Penanda yang paling umum dari reaksi alergi yang parah adalah anafilaksis, yang menyerang beberapa menit setelah terpapar alergen dan berpotensi mengancam nyawa. Pada permulaannya, tingkat tekanan darah tubuh tiba-tiba turun, menyebabkan seseorang kesulitan bernapas dan pingsan.
Selama bertahun-tahun, dokter telah menghubungkan anafilaksis dengan pelebaran tiba-tiba dan kebocoran pembuluh darah, namun penelitian terbaru menunjukkan sistem saraf juga memainkan peran kunci dalam kondisi ini. Temuan studi pada tikus dipublikasikan Jumat di jurnal Science Immunology.
Sesuai penelitian sebelumnya yang diterbitkan dalam Journal of Allergy and Clinical Immunology (JACI), anafilaksis umum terjadi di AS, memengaruhi hampir satu dari 50 orang Amerika, yang mengalami gejala tersebut sebagai respons terhadap alergi makanan, beberapa obat, serangga atau racun hewan.
Para ilmuwan yakin penelitian terbaru akan membuka kemungkinan baru untuk mencegah atau menyembuhkan syok anafilaktik, yang berpotensi mengancam nyawa jika tidak ditangani tepat waktu.

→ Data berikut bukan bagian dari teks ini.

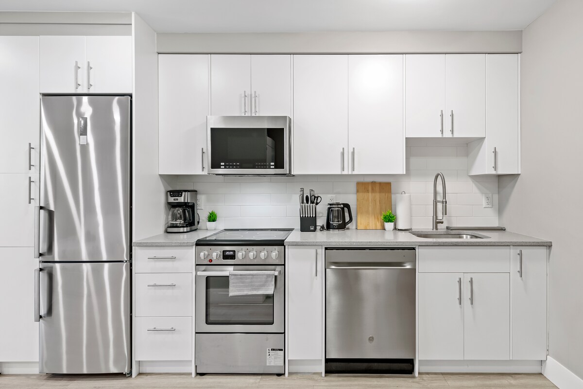 Pilnai įrengta virtuvė ir jaukūs baldai puikiai tinka ilgesnėms viešnagėms. Keliaudami naudokite baseiną ir sporto salę, kad išlaikytumėte pratybų rutiną. Mėgaukitės lengva prieiga prie visko - nuo šios puikiai įrengtos namų bazės. Iš balkono atsiveria stulbinantis miesto panoramos vaizdas. Vos keli žingsniai nuo kai kurių geriausių miesto restoranų, kavinių ir pramogų vietų, pėsčiomis iki „Rogers Place“, „MacEwan University“ ir greito tranzito iki Albertos universiteto.

“Temuan ini untuk pertama kalinya mengidentifikasi sistem saraf sebagai pemain kunci dalam respons anafilaksis,” penulis studi Soman Abraham, Ph.D., profesor di departemen Patologi, Imunologi, dan Genetika Molekuler dan Mikrobiologi di Duke University School Kedokteran mengatakan dalam rilis media. “Saraf sensorik yang terlibat dalam pengaturan suhu – terutama saraf yang merasakan suhu lingkungan yang tinggi – mengirimkan sinyal palsu ke otak selama anafilaksis bahwa tubuh terpapar suhu tinggi meskipun sebenarnya tidak demikian. Hal ini menyebabkan penurunan cepat dalam suhu tubuh serta tekanan darah.”
Alergen membuat kontak pertama dengan sel kekebalan tubuh, yang kemudian menyebabkan reaksi kimia, menyebabkan pembengkakan, kesulitan bernapas, gatal, tekanan darah rendah, dan hipotermia.
Selama salah satu reaksi kimia, sel-sel kekebalan melepaskan enzim, yang berinteraksi dengan neuron sensorik, terutama yang terlibat dalam jaringan saraf termoregulasi tubuh, lapor Medical Express, mengutip penelitian tersebut. Ketika reaksi alergi merangsang jaringan saraf, itu segera mematikan generator panas tubuh, menyebabkan hipotermia. Penurunan tekanan darah yang tiba-tiba juga terkait dengan aktivasi jaringan.
Para ahli menemukan bahwa membatasi aliran enzim sel kekebalan dalam tubuh tikus mencegah kemungkinan hipotermia. Sebaliknya, mengaktifkan neuron penginderaan panas secara langsung pada tikus memicu reaksi anafilaksis yang menyebabkan hipotermia dan hipotensi.
“Dengan menunjukkan bahwa sistem saraf adalah pemain kunci – bukan hanya sel kekebalan – kita sekarang memiliki target potensial untuk pencegahan atau terapi,” rekan penulis studi, Chunjing “Evangeline” Bao, Ph.D. kandidat di lab Abraham di Duke, kata. “Temuan ini juga penting untuk kondisi lain, termasuk syok septik, dan kami sedang melakukan studi tersebut.”